The Stafford Old Methodist Church was drafted into being a hospital during the Revolutionary War. (Photo by Chris Lundy)

  Just in Monmouth and Ocean Counties alone, the website highlights 48 sites across 21 towns for locals to visit and enjoy.

  “In addition to the Monmouth Battlefield State Park, there are many other historic Revolutionary War locations throughout Monmouth and Ocean counties,” says Frazza. “There are historic houses to visit, as well as monuments and cemeteries with the graves of Revolutionary War soldiers. There is something for everyone, whatever your interest level or the amount of time you have to spend.”

  Not surprisingly, many of the sites in Monmouth County are closely tied to the Battle of Monmouth, such as the Old Tennent Church and Cemetery in Manalapan. Here, visitors can walk the grounds where a building that served as a hospital may be seen, while numerous graves of Revolutionary War soldiers may be viewed.

  In nearby Englishtown, residents have likely walked past two structures in town that have historical significance. One is the Moses Laird House, which today is a private residence. However, as Frazza’s website indicates, the home was the place where George Washington stayed shortly after the Battle of Monmouth. Just a short walk from the Laird House is the Village Inn. Here, prior to the Battle of Monmouth, strategies were worked out by General Charles Lee for the Colonial Army.

The visitor center at Monmouth Battleground State Park serves as an educational tool for those who wish to learn about the site. (Photo by Mark Bator)

  Just a short drive from Englishtown, Freehold also holds places of interest for the history buff, as well.

  Following his victory in the Dacian Wars, the Roman Emperor Trajan constructed a large column that memorialized the victory and featured carvings that glorified the campaigns of his soldiers. While not constructed by Washington, a similar edifice exists in Freehold.

  Standing near the current Monmouth County Courthouse, the monument dates back to the late 1800s, and commemorates the Colonists’ victory on the Monmouth battlefield. The monument features a statue at its apex that symbolizes victory and features several reliefs that memorialize key moments in the fight for independence.

  Right on Main Street in Freehold is Columbia Triumphant Park, which features a large bust sculpture of the figure that sits atop the Monmouth Battle Monument.

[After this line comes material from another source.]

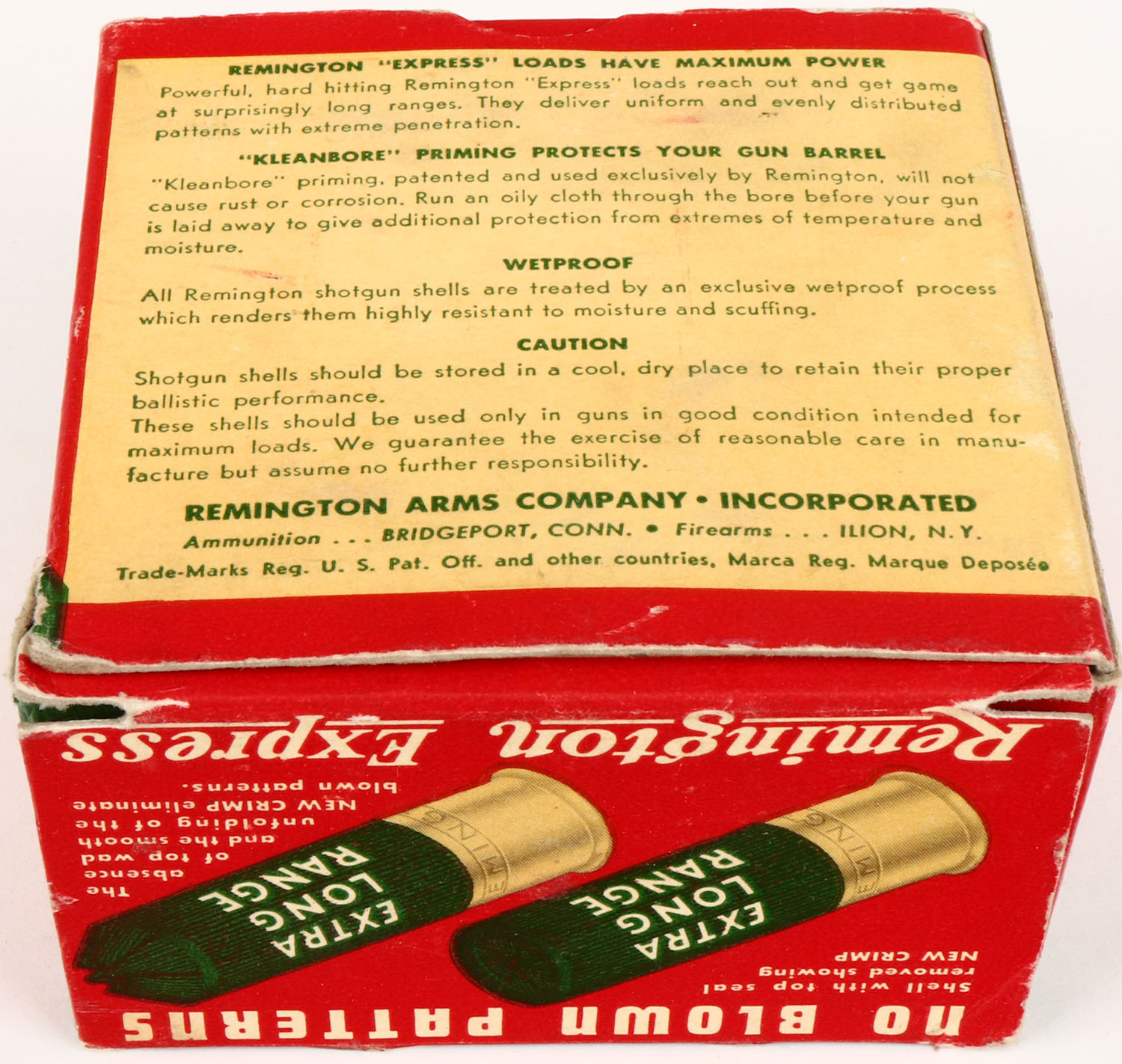 Remington, Express Extra Long Range, 12ga., 2 3/4'', 1pc., Full with six being incorrect shot size, shot size 7 1/2, box is red, white and green, box is very solid with great colors and light edge wear, shells are excellent. Grade: Excellent + - Value: 10 to 30

  The historic site of the old Monmouth Court House is close by, where the Hall of Records now stands. Like many larger buildings during that time period, it also saw use as a hospital during the Revolutionary War. In addition to these locations, St. Peter’s Episcopal Church on Throckmorton Street is touted as “[t]he oldest building in continuous use in downtown Freehold” as it dates back to 1771.

The Village Inn, located in Englishtown, is where the Colonial forces strategized for the Battle of Monmouth. (Photo by Mark Bator)

  But historic locations abound in Ocean County, as well. While towns such as Barnegat, Little Egg Harbor and Tuckerton have sites associated with Revolutionary times, Toms River is well known for being steeped in history.

  Among the areas identified by Frazza include Joshua Huddy Park. The site commemorates the raid on Toms River by British sympathizers and loyalists. During the battle, Huddy was captured, and Toms River was razed by fire.

  Visitors to Toms River can get a glimpse of the type of armaments used during the period by viewing an actual Revolutionary War cannon outside the Ocean County Courthouse.

The Old Tennent Cemetery in Manalapan is the final resting place for a multitude of Revolutionary War patriots. (Photo by Mark Bator)

  Also close by is the Old Methodist Cemetery, which sits at the corner of the intersection of Hooper Avenue and Washington Street. Relatively small and unassuming, the site is the final resting place for several soldiers that fought in the Revolutionary War.

  “I believe that when we can understand that history happened right in our own towns, where we live and walk and drive, it helps us make a deeper connection to the past,” says Frazza regarding the many areas of historic value in New Jersey. “Visiting the places where the history occurred is a powerful way to make that connection.”